QA professionals manually test applications with written testing plans and traceability matrices, whereas SDETs write code to test applications via automation. SDETs might create test automation frameworks with custom code designed to make testing specific applications easier and more reliable -- frameworks for other QA professionals to write detailed tests within.
SDETs are technical IT professionals who have strong backgrounds in both programming and software testing. They thoroughly understand software testing patterns, best practices and the application under test. An SDET could be a sort-of tech lead for a QA team.
The different roles and responsibilities of an SDET strengthen development efforts. On a balanced team, for example, SDETs handle more technical tasks so than typical QA professionals. This gives testers the freedom to focus on test design and development, ensuring an application is well tested from a coverage and completeness perspective.
Both QA professionals and SDETs are familiar with basic testing concepts. However, SDETs tend to have more technical programming expertise, while QA professionals have more experience with traditional testing practices. Both can write code, but SDETs know how to design and write complex testing software.
Specifically, an SDET will be able to:
Generate test data programmatically. This is a complex task, but having this test data can make tests more reliable and provide better test coverage by testing more diverse inputs. Ideally, the SDET puts in the work to create a process to generate this data, while traditional QAs put the output into action.
Develop CI/CD pipelines. Continuous integration and continuous deployment pipelines tend to involve lots of testing, ideally with different test suites optimized to provide quick developer feedback while also balancing good test coverage.
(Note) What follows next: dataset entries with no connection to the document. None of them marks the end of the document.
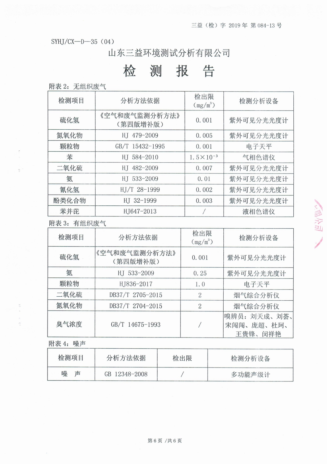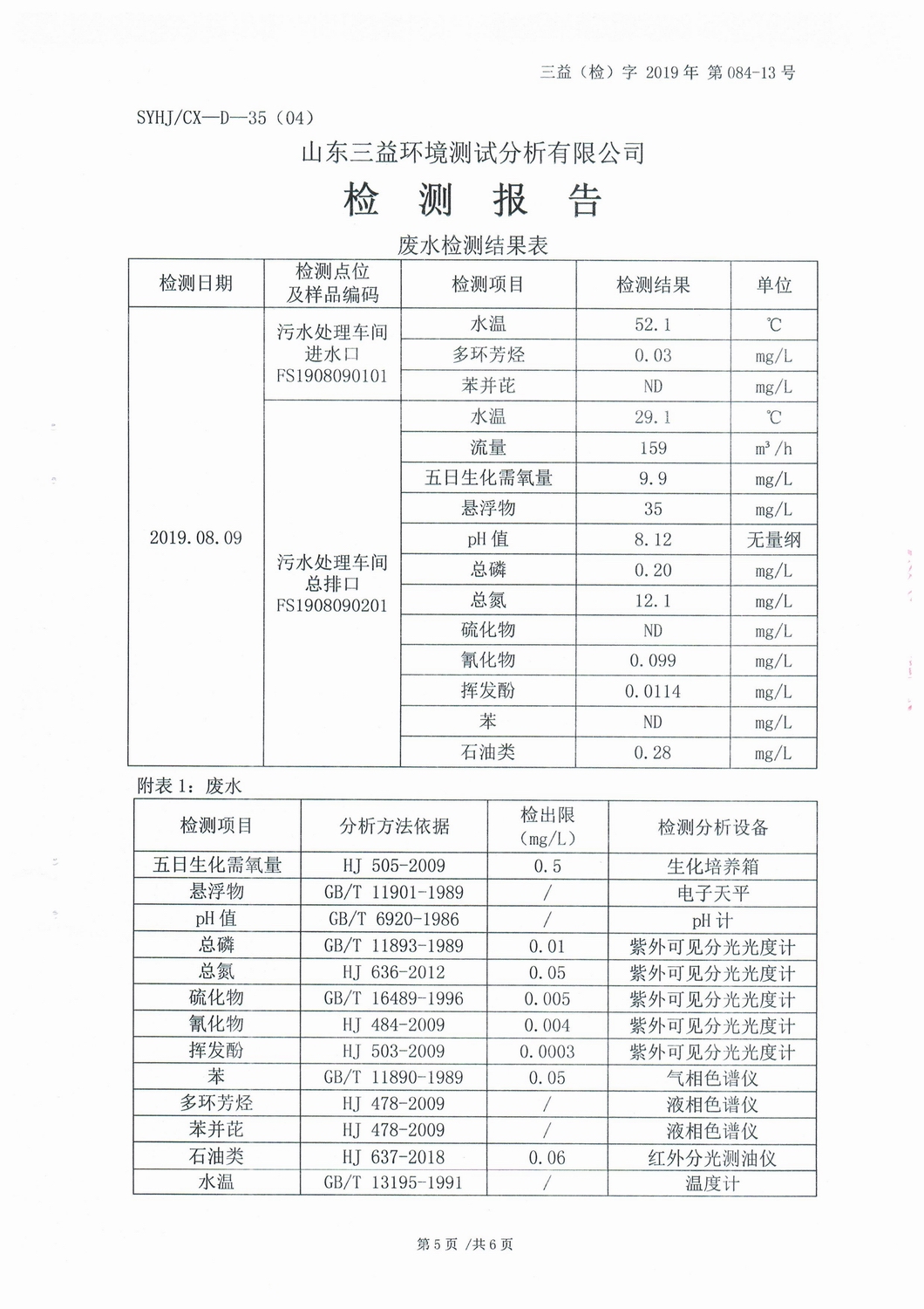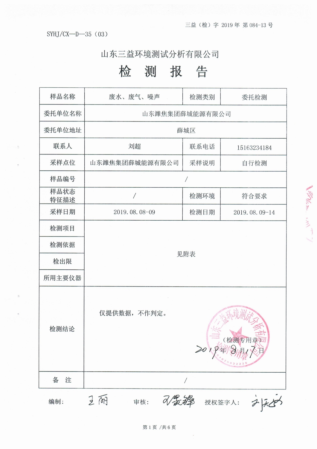 山東濰焦集團(tuán)薛城能源有限公司6月份檢測報(bào)告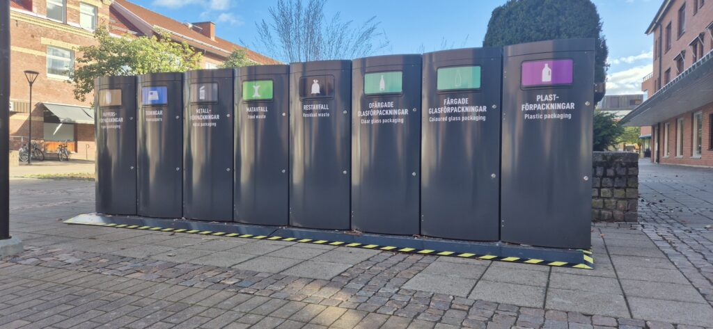Som tillval erbjuder vi en innovativ tilläggstjänst för realtidsmätning av fyllnadsgrad, vilket ger en ökad kontroll och effektivitet i hanteringen av källsortering utomhus. Se Street Smart.
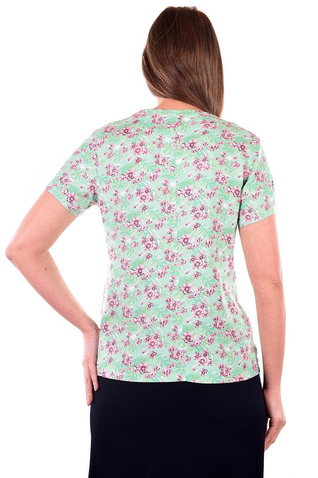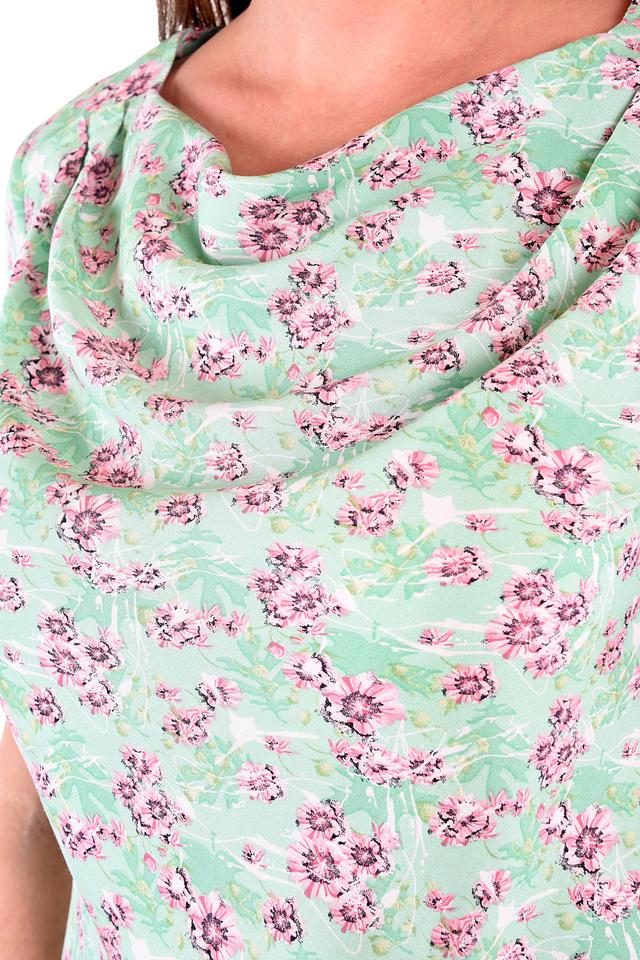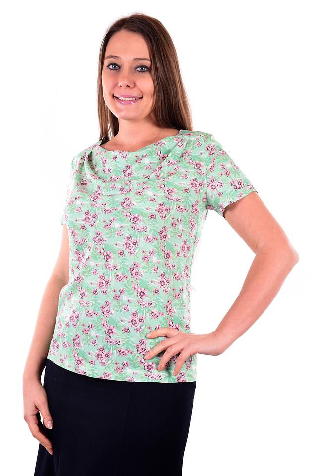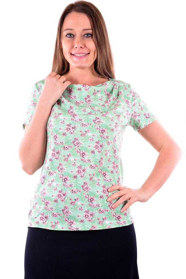 Блуза имеет лёгкий, струящийся силуэт и короткие рукава. Основной цвет блузы – светло-зелёный, который украшен мелким цветочным принтом в розовых и белых тонах. Особенностью модели является драпированный воротник, придающий ей элегантность и изысканность.

SDETs have the technical know-how to create these optimized testing stages.
A skilled SDET should also be able to improve a CI/CD pipeline's reporting, an often-neglected consideration. When tests fail in a pipeline, those test failures should be concise, readable and actionable. Having tests and a CI/CD pipeline properly configured to report test failures to developers reduces time spent debugging failures and enables developers to self-resolve failures without pulling QA professionals from other tasks. Being comfortable working with CI/CD pipelines in general means SDETs will have the skills to configure tests to report in meaningful ways.
Go beyond front-end testing. IT organizations that take testing seriously do more than front-end UI testing. Performance testing, load testing and security testing are all areas in which an SDET should at least have a working knowledge. Depending on the maturity of a CI/CD pipeline, a team may not be ready to introduce these kinds of tests running on a regular schedule. Still, running them is a good idea, and SDETs can choose tools and design tests that provide useful information to improve software quality.
Add and improve automation. If an IT organization wants to automate more tests or improve existing automated tests, SDETs can be a good role to fill.
The SDET role, which is in demand, can help a development team solve problems and make testers more effective.